Sin (x - 75⁰ ) = ½ √3

1K 177 42
                                    

28. INM : PION

Rei berjalan menghampiri Arjuna, tangannya terulur mengusap kepala Arjuna, sedangkan Arjuna hanya memberengut sebal melihat kelakuan Rei. Tangannya sedikit tergerak untuk menampik tangan Rei. Rei terkekeh kecil, netranya melihat ke arah Kainan yang memegangi kakinya. Kemudian dia melihat ke arah Kara yang menatap mereka tanpa ekspresi.

"Kara, lo bisa berhenti sekarang." Tepat setelah mengucapkan kalimat itu, Kara langsung menjatuhkan tongkat yang di pegangnya. Kepalanya sedikit menggeleng kecil, dengan pandangan yang sedikit buram, Kara melihat empat orang dihadapannya. Tak lama pandangannya menjadi gelap.

Gaffi yang sigap langsung menangkap tubuh Kara agar tak jatuh ke lantai. Sedangkan Arjuna langsung membantu Kainan untuk berdiri dan memapah tubuhnya untuk berjalan.

"Kita ke asrama," ujar Rei sembari berjalan duluan.

Di lain tempat, Mario membasuh wajahnya di wastafel toilet, tubuhnya bergetar, apa yang terjadi padanya? Kenapa dia menusuk Nadil? Matanya melihat telapak tangannya sendiri, netranya bergulir  resah.

"G-gue kenapa?" gumamnya sedikit bergetar, dia melihat pantulannya di cermin. Rambutnya lepek karena keringat, wajahnya merah dengan buliran air yang masih membasahi wajah tampannya.

Mario berbalik saat ada seseorang yang menghampirinya. Raut wajahnya tampak bingung saat melihat orang itu. Rambutnya blonde, mata tajam yang meneduhkan dan wajah tampan yang sangat Mario kenal.

"Rei?"

Orang itu tertawa saat Mario memanggil nama Rei, tawanya begitu menggelegar, sudut matanya mengeluarkan air, tangannya memegang perutnya sendiri, lalu dia berhenti tertawa dan menggeleng. "Salah, bukan Rei, tapi Re," jawab orang itu memberitahu.

"R-re?" Mario semakin bingung kala orang yang bernama Re itu berjalan mendekatinya, di tangannya menenteng sebuah deregen yang cukup besar dan berat.

"Iya, Re. Gue Alvino Refansyah, Kakak kembar dari Vano dan Rei, salam kenal," jawabnya sambil tersenyum dan mengangguk. Raut wajahnya tampak bangga sekali saat dia mengenalkan dirinya.

"Vano punya kembaran lagi?" Mario memegangi kepalanya yang terasa berdenyut sakit, dia sungguh pusing dengan lingkungan sekitar Vano atau pun Rei, seperti memasuki lingkaran setan.

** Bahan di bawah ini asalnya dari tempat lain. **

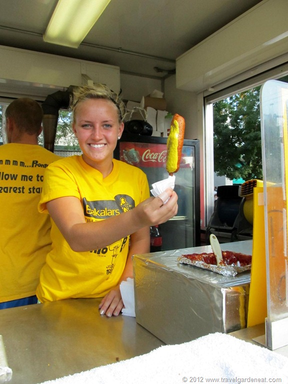 The crepes from the French Creperie have become one of our return-to favorites, as well – freshly-made crepes, still warm and wrapped around your choice of fillings. The strawberries with whipped cream were refreshing after deep-fried veggie fries and cheese curds. Note the posted instructions regarding how to properly eat a crepe, the last one most important of all: “Ask yourself if you can have another one!”

"Dari lahir, sih," ujar Re menjawab. "Sekarang, lo ikut gue, kita lakuin hal yang paling bener sekarang." Mario hampir saja memberontak saat Re menarik tangannya.

Keduanya berjalan terus hingga menuju tangki air yang berada tepat di rooftop gedung aula. Re melepaskan genggamannya dari tangan Mario, remaja itu berjalan mendekati tangki air dan memutar kunci tangki hingga air yang berada di dalam langsung meluncur keluar dari lubang tangki. Mario sedikit melompat saat cipratan air hampir mengenai sepatunya.

Setelah memutar kuncinya kembali, Re menaiki tangki dan menuangkan cairan yang berada di dalam deregen yang dibawanya tadi. Hidung Mario mulai bekerja sekarang, bau menyengat yang keluar dari cairan itu mampu membuat mata Mario melotot sempurna.

"Apa yang lo lakuin?! Lo buang bensin di tangki air?" tanya Mario sedikit berteriak. Namun, Re tertawa dan membuang deregen yang sudah kosong. Kakinya mulai melangkah turun dan kembali berjalan ke arah Mario.

Jika Re maju selangkah, maka Mario akan mundur selangkah. "Gue cuma mau senang-senang, lo tau pepatah kaya gini, kan ; nyawa di balas dengan nyawa. Tau dong, ya, hahha. Menurut lo gue bakal ngapain?" Re bertanya sembari tersenyum lebar, tangannya memegang sebuah mancis di tangannya.

"Coba inget ini, Alvino Refansyah, lo pernah denger pastinya." Re kembali berujar, dirinya sedikit terkekeh geli sembari berjalan memutar-mutar di atas rooftop, tangannya terbentang lebar, persis layaknya orang yang tengah bahagia.